Havana: Colombia`s government and the FARC guerrilla group reached agreement Wednesday on a definitive ceasefire in Latin America`s longest civil war, they said in a joint statement.
"The national government and FARC delegations inform the public that we have successfully reached an agreement for a definitive bilateral ceasefire and end to hostilities," the statement said.
The announcement heralds an end to a half-century conflict that has seen hundreds of thousands of people killed in the jungles of the major cocaine-producing country.
The deal would all but end the conflict by resolving one of the final points at peace talks between the government and the Revolutionary Armed Forces of Colombia (FARC), the country`s biggest rebel group.
FARC commander Carlos Lozada tweeted: "On Thursday, June 23, we will announce the last day of the war."
The means of implementation of the final peace deal remain to be settled.
Colombian President Juan Manuel Santos said this week he hopes to seal a full peace deal by July 20.
The Colombian conflict started as a rural uprising in the 1960s.
It has drawn in various leftist rebel groups, right-wing paramilitaries and drug gangs over the decades in this South American state of 49 million people.
It has left 260,000 people dead, 45,000 missing and nearly seven million displaced, according to official figures.
Human rights groups say atrocities have been committed on all sides.

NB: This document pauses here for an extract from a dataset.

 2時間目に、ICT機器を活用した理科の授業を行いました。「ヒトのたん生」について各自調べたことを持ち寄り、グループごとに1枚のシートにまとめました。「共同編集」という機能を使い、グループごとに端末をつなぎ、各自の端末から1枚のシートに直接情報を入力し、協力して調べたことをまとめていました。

Many families are still searching for missing loved ones.Santos`s government wants a referendum to put the seal of popular approval on its peace effort. But it faces resistance from some political rivals.

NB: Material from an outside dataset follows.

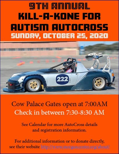 “Kill-A-Cone for Autism” Auto-Cross FundraiserWhat’s better than a day of autocross? Autocross with a cause! On Sunday October 25th,

To hold a plebiscite, it needs the country`s constitutional judges to approve a law already passed in Congress.
Peace talks have been underway in Havana since 2012. They got a boost when the FARC declared a unilateral ceasefire a year ago.
The Marxist guerrilla group agreed to remove child soldiers from its ranks as part of the peace deal.
According to government figures, authorities have taken some 6,000 children from illegal armed groups over the past 17 years, more than half of them from the FARC.
The questions of disarmament and justice for victims make the road to peace and reconciliation a hard one.
The sides are discussing designating zones where the FARC`s estimated 7,000 remaining fighters can gather for a UN-supervised demobilization process.
Santos and the country`s second-biggest rebel group, the leftist National Liberation Army (ELN), have also said they will start peace talks.
That initiative has stumbled due to alleged kidnappings by the group.
Last month the ELN freed a prominent Spanish-Colombian journalist and two local TV reporters after holding them for days.
The FARC had urged the ELN to release them -- a rare gesture of FARC support for the government over the sensitive issue of kidnappings.
EU foreign policy chief Federica Mogherini visited Bogota in May to show support for a deal.
She said the bloc would contribute a new package of some 640 million dollars to support the transition to peace.